KiwiKate · 26/08/2005 13:05

PC - know what you mean about the end of an era. My DS is 2.4yo and I'm suddenly panicking and thinking that all is going so smoothly right now, how will adding a baby to the mix disrupt things?

Serves me right for being smug about getting an early night. Couldn't sleep, and now its after midnight here, and not at all tired (but no energy to do anything constructive either EERRRRGGGGGG).

Hope those with sick littlies get some rest soon (and that the toddlers get better soon).

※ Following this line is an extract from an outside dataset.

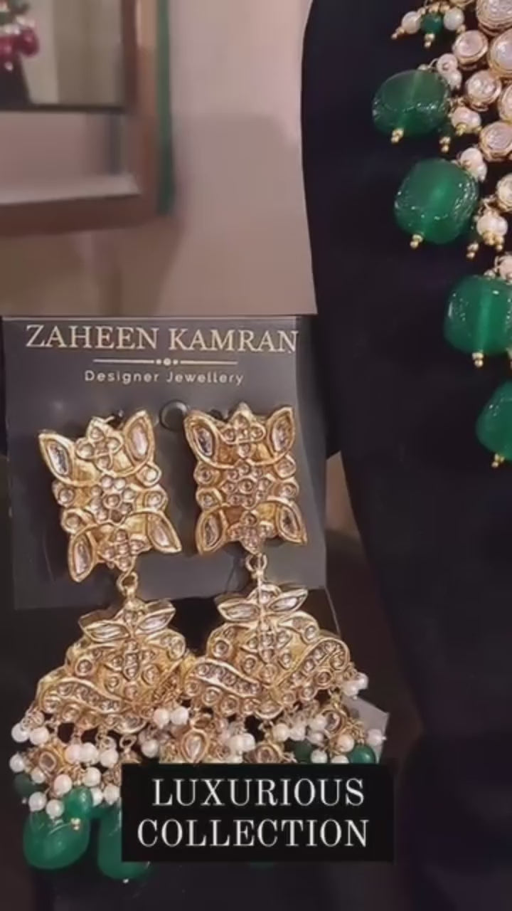 Handcrafted 22k gold plated choker along with earrings adorned with kundan, emeralds and pearls.

bubbles2904 · 26/08/2005 13:21

kiwikate, hope you get back to sleep soon. it's mad to think of the difference in time between us all. i'm feeling really fat and fed up now, but managed to have a great sleep for the first time in months last night, think the rain hitting the window really helped though.

zubb · 26/08/2005 13:27

PC - I know what you mean! I'm more worried about how ds2 will react than I was with ds1. I think it's because ds1 was much more independent than ds2 seems to be, even though the age gap is exactly the same (22 months). Ds2 is much more a 'mummys boy' at the moment, so we have been encouraging him to go to dh more over the summer. I know it will all work out OK - with ds1 there was no jealousy at all, but I'm still a bit apprehensive. With ds1 last time we spent as much time with him as possible, and involved him a lot in what the baby was doing, and I tried to get out with him on his own while dh looked after the baby between feeds.
I am keeping the boys with their usual routines when the baby arrives, so ds1 will go to pre-school and then the childminders, and ds2 will be at the childminders as usual.

bubbles2904 · 26/08/2005 13:57

definetely a bug going around. my dd has just complained of feeling sick. no news on rz yet, it's been a while since she posted.

Redhelen · 26/08/2005 14:14

zoezebra * Milward - oh no sick children on top of late pregnancy (fingers crossed ds dosn't get it - hes a terrible patient (men!)

Feeling very positive about the labour - unless I wake at 3/4am (happens most nights) when I feel terrified!!!

I think I have baby names sorted - however dh has never actually said yes I agree too - he just nods for a quiet life!

DS wants to call the baby Brian - regardless of sex! umm!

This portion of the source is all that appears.